It is now close to 21 years since the Piarco International Airport project has been completed and around 19 years since a subsequent Commission of Enquiry (COE) into the airport project ended.
The COE into the Piarco Airport Development Project was appointed by former president ANR Robinson in April 2002 following allegations of major corruption and fraud. After an extended period and 167 public hearings headed by COE chairman Clinton Bernard, SC–and including commissioners Marie Ange Knights, an accountant; Peter Bynoe, an architect; Keith Sirju, an engineer; and Victor Hart, quantity surveyor and project manager–the report was handed in.
The final report was delivered to former president George Maxwell Richards on August 31, 2003.

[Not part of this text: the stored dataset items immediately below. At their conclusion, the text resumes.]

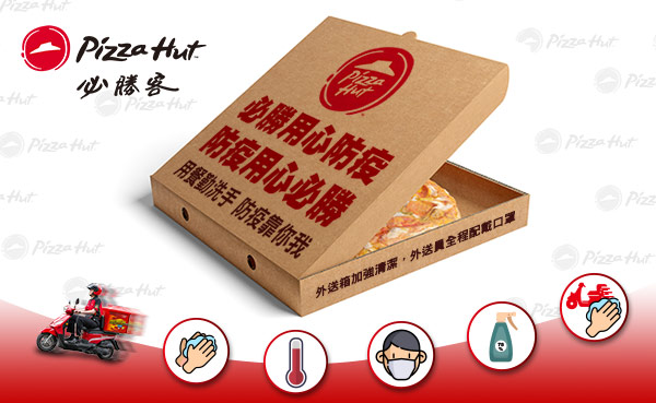 必勝客長期深耕外送比薩市場,全台擁有千位經專業訓練的外送員,以高標準嚴謹執行清潔作業及員工衛生健康管理。防疫期間,更啟動「安心送」防疫SOP:包含每日確實測量體溫不得超過37.5度,員工上班期間全程配戴口罩,門市每小時消毒相關烹調器具、菜單、自動門等,確保員工及消費者來店衛生安全: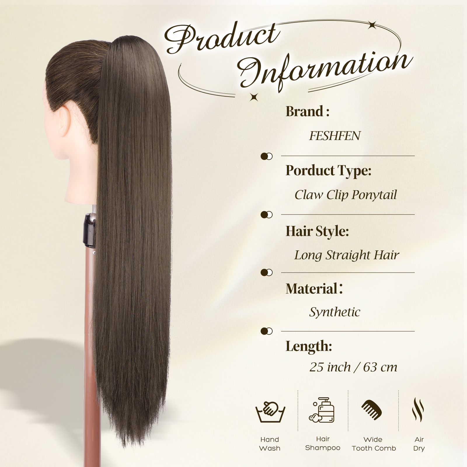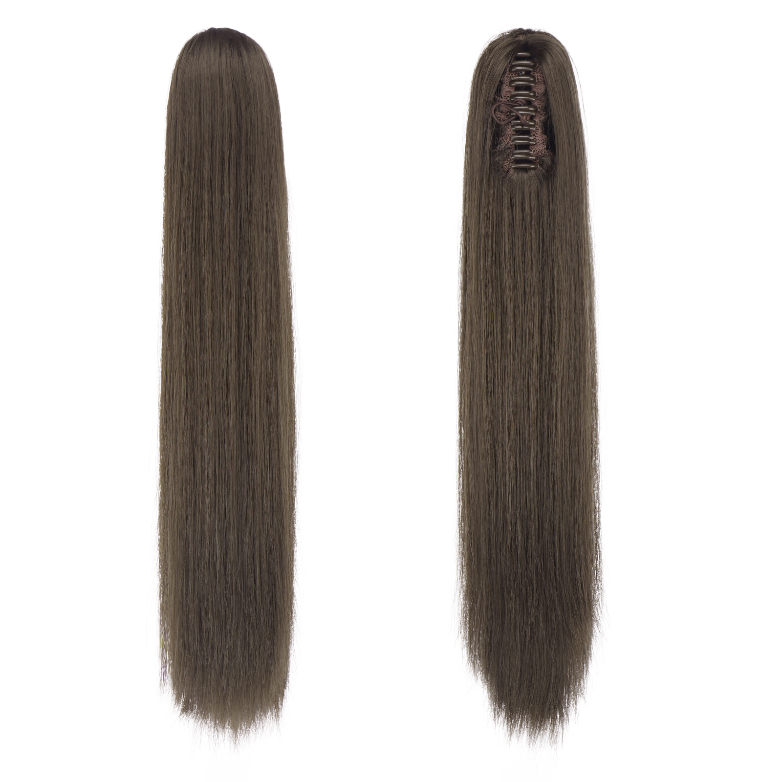 FESHFEN Long Ponytail Hairpiece – 25 Inch Straight Brown Braid Extensions with Clip in Synthetic Hair Extensions Claw Clip in Ponytail Hair Extensions for Women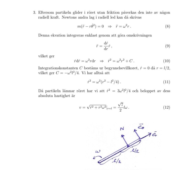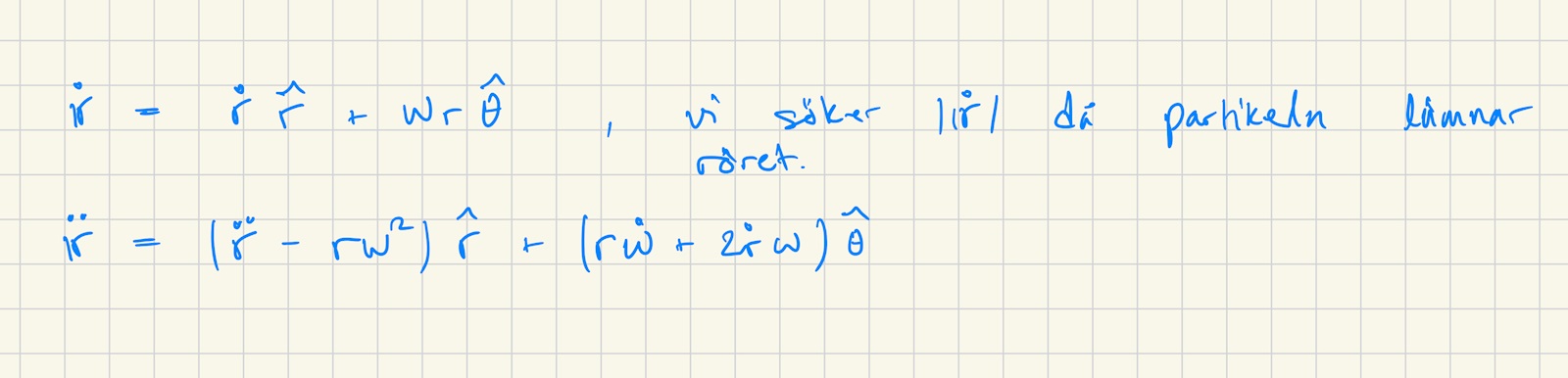 Härifrån identifierar vi att det är som behövs. Och för att få behövs för då får vi en diffekvation som vi kan lösa med det fina knepet (det är också det lösningsförslaget gör). Men först behöver vi ett uttryck för . Det är kanske inte helt självklart men eftersom det inte verkar någon kraft i -led kommer (centripetalaccelerationen). (Detta får någon annan gärna förklara vidare. Det skaver i huvudet att den totala radiella accelerationen blir 0 när den accelererar utåt. ) Därefter är det iaf att använda knepet ihop med begynnelsevillkoren så är uppgiften klar.

To this day, however, despite past estimations in Parliament that the COE cost taxpayers $10 million (excluding legal fees), the findings of the COE are yet to be published.
With two new developments in recent weeks–Attorney General Reginald Armour being disqualified from representing this country in a multi-million civil asset forfeiture case, and the Privy Council’s ruling last week that the preliminary inquiries into the four sets of fraud charges related to the airport project must restart–the controversial project is back on the lips of many.
In the eyes of many, justice, in what is regarded as the country’s most famous corruption case, is yet to be served.'
Clinton Bernard, SC
As defined by the online legal encyclopedia Lexology, a COE is a tool that enables the investigation of matters of public concern in a public forum other than in just an ordinary court. They are intended to encourage transparency through fact-finding and providing input for future investigations or criminal proceedings if needed.
Hart, one of the COE members, believes that the Bernard Report ought to have been published within a reasonable time after it was delivered to the then-president and then-prime minister Patrick Manning and the then-attorney general.
"The report should have been published because it was the result of an independent enquiry into the actions of a group of nationals and foreigners that were alleged to have robbed taxpayers of hundreds of millions of dollars on the Piarco Airport construction project.
"Also, the $10 million cost of the COE was paid for by the taxpayers who had a right to see and know the report’s findings and recommendations as to avoid a recurrence," Hart said in an exchange with Guardian Media on Thursday.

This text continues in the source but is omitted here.